High Fiber Bread | How to Get 3x More Fiber Than Your Healthy Bread

If you ask us, bread is one of the best foods in the world. Why? Because it can be used to make some pretty incredible things like ooey-gooey grilled cheese sandwiches, super crunchy homemade croutons, scrumdiddlyumptious avocado toast, and of course, grandma's famous bread pudding. Mmmm! While the options for bread are truly endless, making it a staple in many kitchens around the globe, we can't help but wish it had more fiber. 

Yes, there are purported "healthy" and whole grain breads out there with labels that proclaim they have a high fiber content, but the truth is that these loaves often contain no more than three grams per serving (which is usually two slices of whole wheat bread). Seeing as women should aim to eat at least 21 to 25 grams of fiber a day and men should shoot for 30 to 38 grams, you would have to eat quite a few slices of "healthy bread" to reach your goal. 

However, if you're trying to lose a little weight, noshing on bread all day to amp up your fiber intake isn't exactly a good idea since each slice contains around 120 calories. And no one wants to sit around eating wheat bran to get enough fiber.

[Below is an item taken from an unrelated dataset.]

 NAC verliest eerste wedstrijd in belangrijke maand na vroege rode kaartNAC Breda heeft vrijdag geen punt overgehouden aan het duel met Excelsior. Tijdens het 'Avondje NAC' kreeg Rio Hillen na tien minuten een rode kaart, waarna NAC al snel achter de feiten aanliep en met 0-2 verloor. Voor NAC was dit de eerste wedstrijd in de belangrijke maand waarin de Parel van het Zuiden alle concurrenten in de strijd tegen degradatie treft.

Sure, after snacking on 15 slices of bread, you may have hit your fiber target, but you also probably went over your calorie target, which isn't ideal for combatting obesity, to say the least. 

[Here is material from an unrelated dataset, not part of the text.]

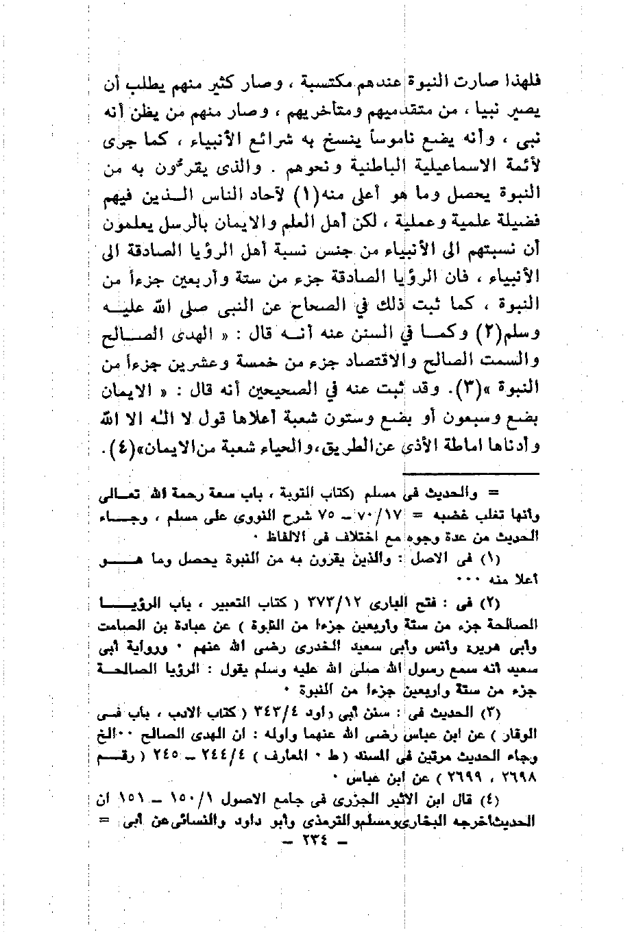 فلهذا صارت النبوة عندهم مكتسبة وصار كثير منهم يطلب أن يصير نبيا من متقدميهم ومتأخريهم وصار منهم من يظن أنه نبي وأنه يضع ناموسا ينسخ به شرائع الأنبياء كما جرى لأئمة الإسماعيلية الباطنية ونحوهم والذي يقرون به من النبوة يحصل وما هو أعلى منه لآحاد الناس الذين فيهم فضيلة علمية وعملية لكن أهل العلم والإيمان بالرسل يعلمون أن نسبتهم إلى الأنبياء من جنس نسبة أهل الرؤيا الصادقة إلى الأنبياء فإن الرؤيا الصادقة جزء من ستة وأربعين جزءا من النبوة كما ثبت ذلك في الصحاح عن النبي صَلَّى اللَّهُ عَلَيْهِ وَسَلَّمَ وكما في السنن عنه أنه قال: "الهدى الصالح والسمت الصالح والاقتصاد جزء من خمسة وعشرين جزءا من النبوة" وقد ثبت عنه في الصحيحين أنه قال: "الإيمان بضع وسبعون أو بضع وستون شعبة أعلاها قول لا إله إلا الله وأدناها إماطة الأذى عن الطريق والحياء شعبة من الإيمان"

And don't even get us started on the ingredient lists! In many cases, "healthy bread" is often jam-packed with artificial ingredients, fillers, sodium, and sweeteners to hide the fact that the bread tastes like, well… cardboard. And white breads with added vitamins and minerals can only go so far. If only there was high fiber bread out there that was low in calories, high in fiber, and made with clean ingredients without having the texture of a brick. 


The High Fiber Bread You Need

Enter: Uprising Foods' Superfood Bread.

Arguably the healthiest bread on the planet, Uprising Food heard our prayers and created bread made with nine grams of fiber (yes, 3X more fiber than your healthy bread), six grams of protein, and only two net carbs per serving. 

Our first ingredient is almonds, which is pure protein, and then the flax seeds swoop in for extra fiber. Made without added gluten and absolutely nothing artificial, this bread tastes like a cheat meal—but it's not. Keto dieters, low carb warriors, and paleo eaters rejoice—finally, fiber-packed bread you can get behind! 

Wondering why we're so obsessed with fiber? We'll tell you, but don't blame us if you become a die-hard fiber fan, too, after learning about all the incredible health benefits. Fiber is truly a game-changer when added to one's diet, which is why it's so crazy that only five percent of us are eating enough of it. 

That said, hopefully, once people learn that they can increase their fiber intake simply by enjoying tasty sandwiches (and other amazing meals) using Uprising Food bread, we will start to see the fiber gap close and improved health for all. 


The Importance Of Eating Fiber 

Before we dive into all the amazing benefits of eating a fiber-rich diet, let's pump the brakes for a quick second—what exactly is fiber anyway?

Simply put, fiber (a.k.a. roughage) is the structural part of plant-based foods (like fruits, veggies, legumes, and nuts) that you can't digest or break down. There are two types of fiber: soluble fiber and insoluble fiber. Each has different properties and characteristics, but both are equally important. 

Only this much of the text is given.